Like many people I have sat through a lot of presentations in my professional and personal life.  Unlike many people I have made hundreds (if not thousands) of them and so I have some strong opinions on what makes a good presentation and what can ruin one.

Powerpoint can fall into both of those categories.  Used wisely it can focus an audience’s attention and provide some key points for them to carry away.  Used badly it can send an audience into a catatonic stupor. Hence the often used phrase “Death by Powerpoint”.

Here are my top 10 tips to avoid death by powerpoint.

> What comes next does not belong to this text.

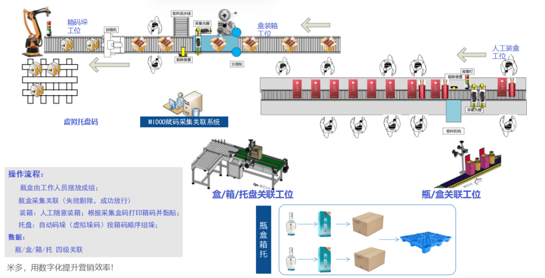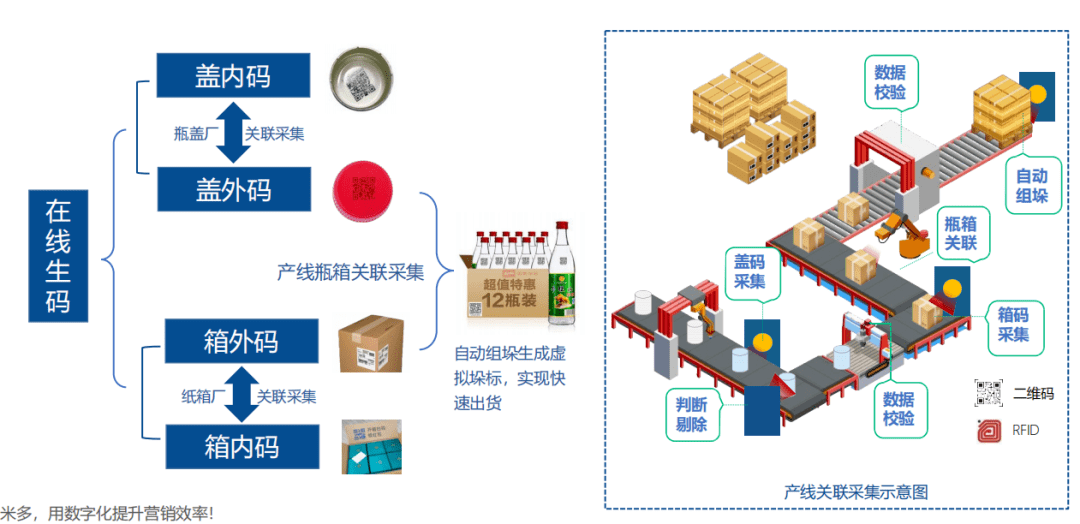 需要注意的是,如果白酒企业原本的产线作业模式无法满足五码合一作业需求,就需要进行产线改造,从而帮助白酒企业提升效率、保证精确度等,让白酒企业的营销成本得以合理利用。

  1. Plan your talk first – Don’t start with the powerpoint and work backwards. Work out what you want to say, then you can pull out the main points to form the basis of your slides.
  2. Use your notes section – Don’t include your entire presentation on the slides. You may find it easier to write your notes section for each slide first and then pick the points you want to go on the slides.
  3. Know your audience – Use appropriate language and images to suit the background, culture, age, gender, ability and literacy level. Yes, I know this is blindingly obvious, but SO MANY people don’t seem to think about this.
  4. Keep it clean – Use fonts that are easy to read on screen and not too decorative. San serif fonts such as Arial or Calibri are recommended. Make sure you use dark text on light background and pick a colour scheme and stick to it. Use bolding for emphasis as it’s proven to be easier to read on a screen than underlined text, capitals or coloured text.
  5. Don’t include paragraphs – If you have a long quote you feel is important to share, read it out on the day, put it in your notes section and provide the notes. Don’t include it on a slide in 8 point just to fit it in. If nobody can read the quote, it kind of defeats the whole purpose of including it.
  6. Less is more – Aim for a maximum of 10 slides, 5 points per slide, 5 words per point.
  7. Keep animations to a minimum – They are so much more effective when used sparingly to make a point, not just to entertain. Used excessively they can be extremely distracting.
  8. Check your spelling and punctuation. Very carefully. Several times. Enough said.
  9. Timing is everything – As soon as a slide changes, or you add more text to a slide the audience will read it… so make sure it is relevant to what you are saying at that time.
  10. Practice makes perfect – The more you practice, the less you need to read the notes. The less you read the notes, the more you can engage with the audience. The more you engage with the audience the more likely they are to remember what you are talking about. And isn’t that the whole point?